Arabaya binince ehliyet kemerimi taktım.

"Bizimkilere söyleyecek miyiz güzelim" deyince olumlu anlamda salladım. 

"Aslında bilmiyorum ki. "  

"Neden öyle dedin bakalım" 

"Hazar ben bebek için hazır değilim ki " deyince gülümseyen yüzü düşmüştü. Bakışları donuklaşmıştı.

"Yani öyle demek istemedim Hazar.

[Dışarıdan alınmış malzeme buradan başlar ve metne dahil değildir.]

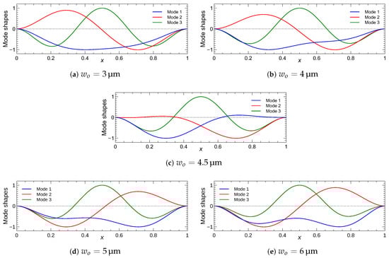 We used the model to investigate the interaction between the mode shapes around the veering point under half-electrode actuation. Figure 10, shows the first three mode shapes for five selected values of the initial rise under a DC voltage of V. We note that mode 1 and mode 2 refer to the first symmetric and first asymmetric modes, respectively. The shape of mode 2 remains unchanged except at the veering point, where the two modes are symmetric with respect to the mid span point. On the other hand, mode 1 hybridizes gradually with mode 2 as it approaches and crosses the veering point [31,41]. It is important to note here that the veering and the subsequent hybridization phenomena are occurring in a continuous manner with a smoothly increasing significance before the veering point, and then their effect decreases as the initial rise is further increased. In the present study, our main focus is on the half electrode design. We examine the strength of the interaction between the mode shapes, which is controlled by the initial rise of the arch beam. The shape of mode 3 remains unchanged throughout this process.
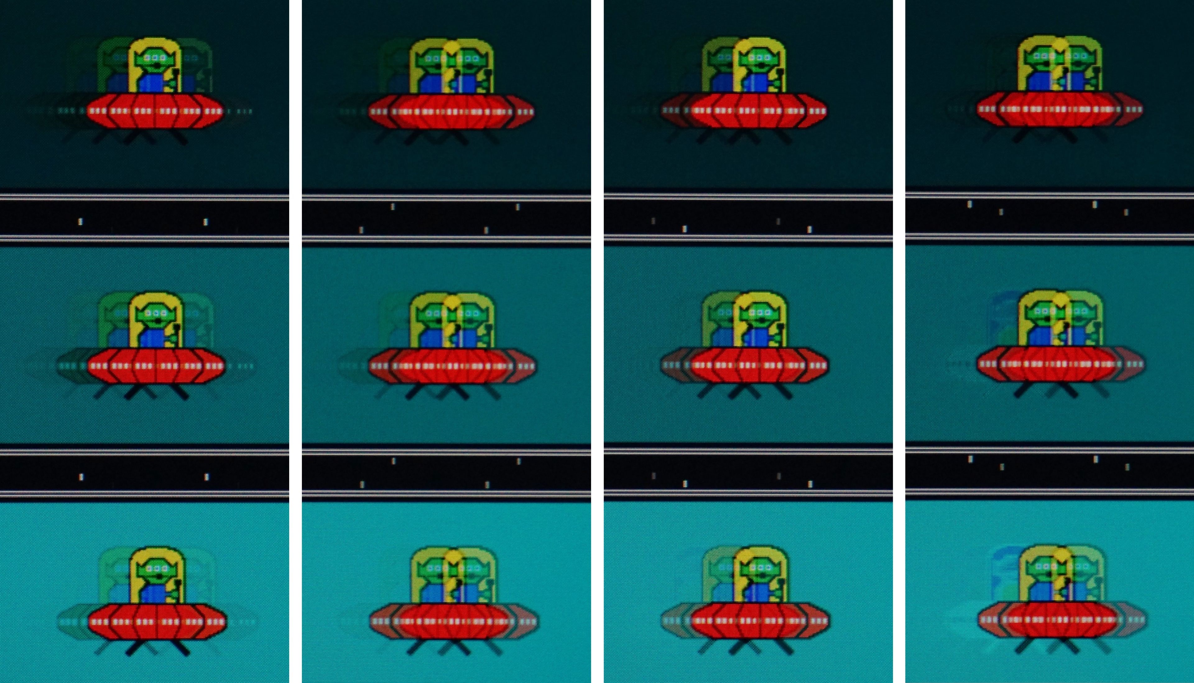 Vplyv nastavenia zrýchlenia (overdrive) na intenzitu ghostingu. Zľava, off, weak, medium a strong
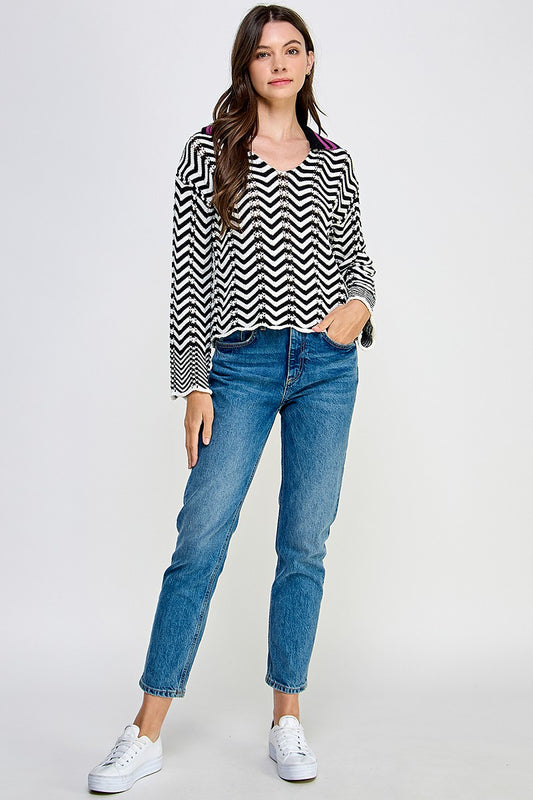 RUFFLE DETAIL STRIPED HENLEY TOP
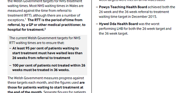 Amseroedd Aros rhwng Atgyfeirio a Thriniaeth yn y Gwasanaeth Iechyd Gwladol (PDF, 596KB)
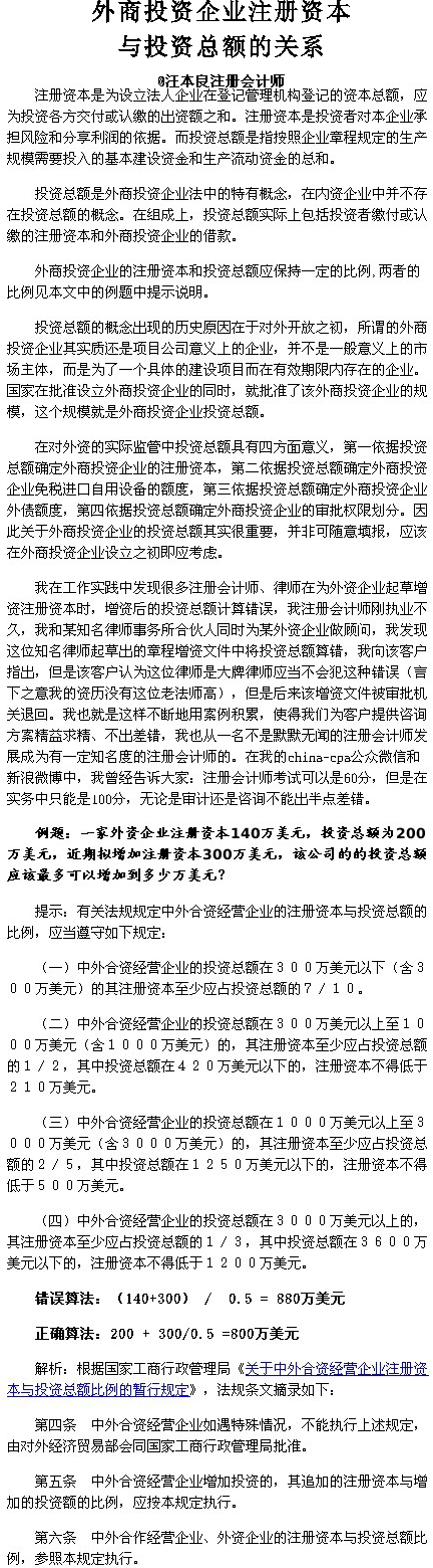 外商投资企业注册资本与投资总额的关系     (2013-5-22 13:31:16)

Bana bakar mısın" hala bakmayınca bu sefer de ben sinirlendim. 

"Hazar valla kafanı kırarım lan ben annem babam olmadan büyüdüm ya o da öyle büyürse ne olacak" 

"Öyle bir şey olmayacak Gökçe kötü düşünme" 

"Ama ben anne nasıl olunur bilmiyorum ki "elim karnımda dolu gözlerim ile gerçekten de ne yapacağımı bilmiyordum. Tabi ki bebeğimi istiyordum ama ya ona iyi bir anne olamazsam. İşimden dolayı yeterince yanında olamayacaktım.

Araba fren yapıp durunca bakışlarımı Hazara çevirdim.Yüzümü ellerinin arasına aldı.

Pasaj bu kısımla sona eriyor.